**PROBLEM REQUIREMENTS:** Reproduce the lines below exactly, from the one containing "Рисунок 3 – Гиперплазия рога подошвы." through the one containing "Al Centre Comarcal", both included. Leave out any pictures.

**INFORMATION GIVEN:**
────────────────────
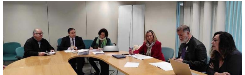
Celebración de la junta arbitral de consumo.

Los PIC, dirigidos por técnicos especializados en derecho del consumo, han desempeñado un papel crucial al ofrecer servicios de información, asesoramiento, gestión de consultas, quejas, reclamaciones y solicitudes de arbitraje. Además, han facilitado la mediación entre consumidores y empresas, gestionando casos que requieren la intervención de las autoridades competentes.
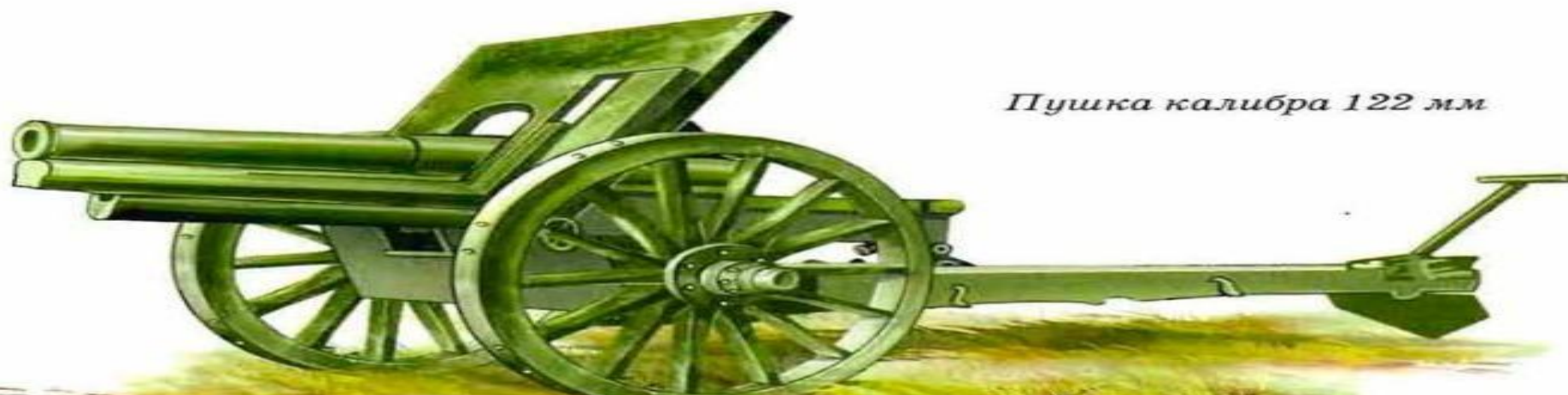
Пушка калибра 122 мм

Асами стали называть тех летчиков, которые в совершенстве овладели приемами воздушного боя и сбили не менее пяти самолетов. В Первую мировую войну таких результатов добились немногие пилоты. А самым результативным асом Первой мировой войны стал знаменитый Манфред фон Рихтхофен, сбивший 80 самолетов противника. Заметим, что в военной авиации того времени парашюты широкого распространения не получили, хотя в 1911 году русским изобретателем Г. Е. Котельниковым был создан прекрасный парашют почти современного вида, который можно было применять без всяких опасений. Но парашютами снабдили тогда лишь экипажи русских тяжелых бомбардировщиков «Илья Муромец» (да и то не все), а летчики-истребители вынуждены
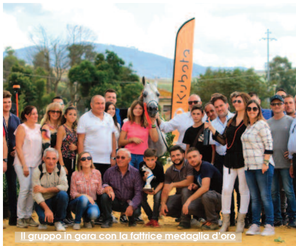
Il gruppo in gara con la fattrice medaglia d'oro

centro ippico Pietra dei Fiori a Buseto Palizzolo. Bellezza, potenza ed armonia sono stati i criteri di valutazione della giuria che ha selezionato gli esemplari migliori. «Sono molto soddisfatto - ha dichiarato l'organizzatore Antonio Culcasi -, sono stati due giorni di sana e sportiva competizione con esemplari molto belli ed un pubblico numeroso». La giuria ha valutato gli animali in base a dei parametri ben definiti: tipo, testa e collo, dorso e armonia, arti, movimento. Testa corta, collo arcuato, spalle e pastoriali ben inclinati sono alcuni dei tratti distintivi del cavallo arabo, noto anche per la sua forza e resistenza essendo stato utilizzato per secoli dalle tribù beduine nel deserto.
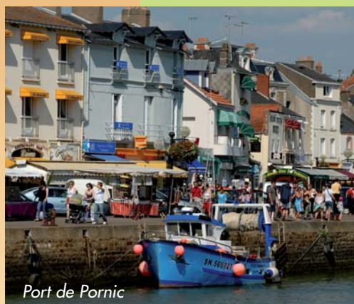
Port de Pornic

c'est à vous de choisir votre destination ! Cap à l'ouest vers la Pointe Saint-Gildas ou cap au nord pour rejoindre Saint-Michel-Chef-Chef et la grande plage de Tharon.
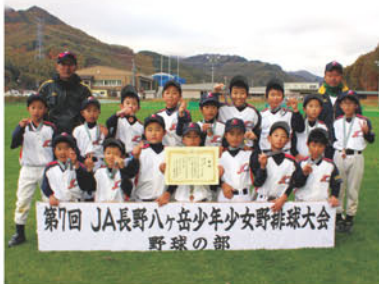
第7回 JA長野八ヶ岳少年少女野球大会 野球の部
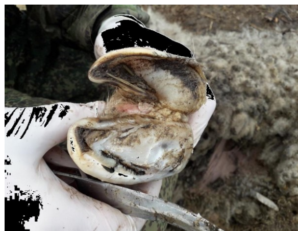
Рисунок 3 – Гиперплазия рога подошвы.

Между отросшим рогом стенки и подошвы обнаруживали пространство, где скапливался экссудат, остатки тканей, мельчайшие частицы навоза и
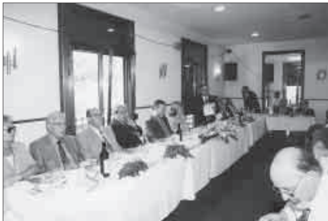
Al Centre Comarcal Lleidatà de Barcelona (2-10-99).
────────────────────
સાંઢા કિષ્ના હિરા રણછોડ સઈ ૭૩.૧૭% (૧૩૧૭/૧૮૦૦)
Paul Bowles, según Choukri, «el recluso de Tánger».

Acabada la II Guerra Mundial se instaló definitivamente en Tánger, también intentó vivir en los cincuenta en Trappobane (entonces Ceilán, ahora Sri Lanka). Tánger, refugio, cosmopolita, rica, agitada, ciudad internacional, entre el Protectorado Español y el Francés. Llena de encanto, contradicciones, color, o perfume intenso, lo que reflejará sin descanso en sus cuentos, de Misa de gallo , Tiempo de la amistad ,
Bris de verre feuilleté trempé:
────────────────────
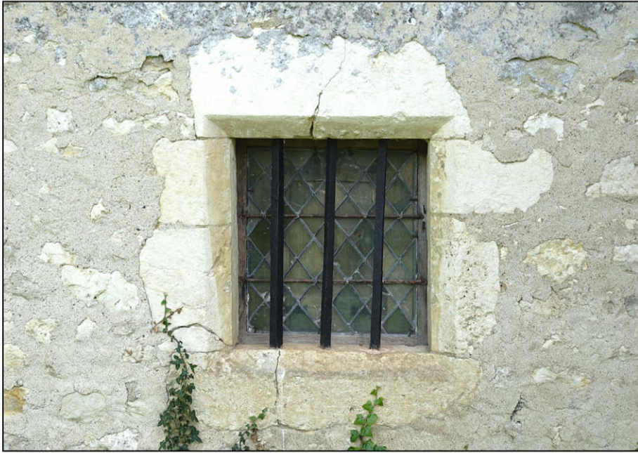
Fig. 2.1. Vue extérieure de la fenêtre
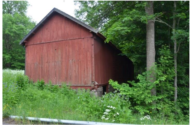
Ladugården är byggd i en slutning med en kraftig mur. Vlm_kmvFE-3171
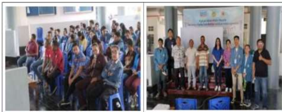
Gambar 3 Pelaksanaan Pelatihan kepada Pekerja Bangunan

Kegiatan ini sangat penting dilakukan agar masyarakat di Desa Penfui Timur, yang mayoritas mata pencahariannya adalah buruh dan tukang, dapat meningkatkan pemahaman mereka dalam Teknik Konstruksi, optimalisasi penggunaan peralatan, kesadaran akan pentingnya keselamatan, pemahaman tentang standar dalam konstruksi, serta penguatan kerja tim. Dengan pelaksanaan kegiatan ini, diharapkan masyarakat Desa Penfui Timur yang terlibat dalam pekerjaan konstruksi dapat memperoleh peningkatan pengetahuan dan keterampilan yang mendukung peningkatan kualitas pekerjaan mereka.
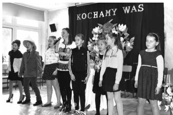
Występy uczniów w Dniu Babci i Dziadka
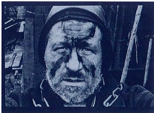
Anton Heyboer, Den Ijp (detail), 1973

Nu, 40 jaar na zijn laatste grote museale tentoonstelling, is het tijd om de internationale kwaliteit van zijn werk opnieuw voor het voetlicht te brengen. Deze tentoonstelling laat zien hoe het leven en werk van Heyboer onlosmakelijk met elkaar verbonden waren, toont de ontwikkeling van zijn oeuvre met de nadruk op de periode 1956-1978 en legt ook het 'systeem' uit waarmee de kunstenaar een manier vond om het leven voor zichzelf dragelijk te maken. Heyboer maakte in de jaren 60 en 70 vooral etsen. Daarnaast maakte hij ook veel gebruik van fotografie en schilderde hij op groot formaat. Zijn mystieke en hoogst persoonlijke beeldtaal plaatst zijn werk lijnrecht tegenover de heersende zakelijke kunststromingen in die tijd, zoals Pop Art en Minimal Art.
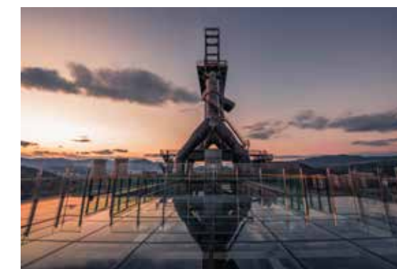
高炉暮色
────────────────────
**TASK RESPONSE:**
Рисунок 3 – Гиперплазия рога подошвы.

Между отросшим рогом стенки и подошвы обнаруживали пространство, где скапливался экссудат, остатки тканей, мельчайшие частицы навоза и
Al Centre Comarcal Lleidatà de Barcelona (2-10-99).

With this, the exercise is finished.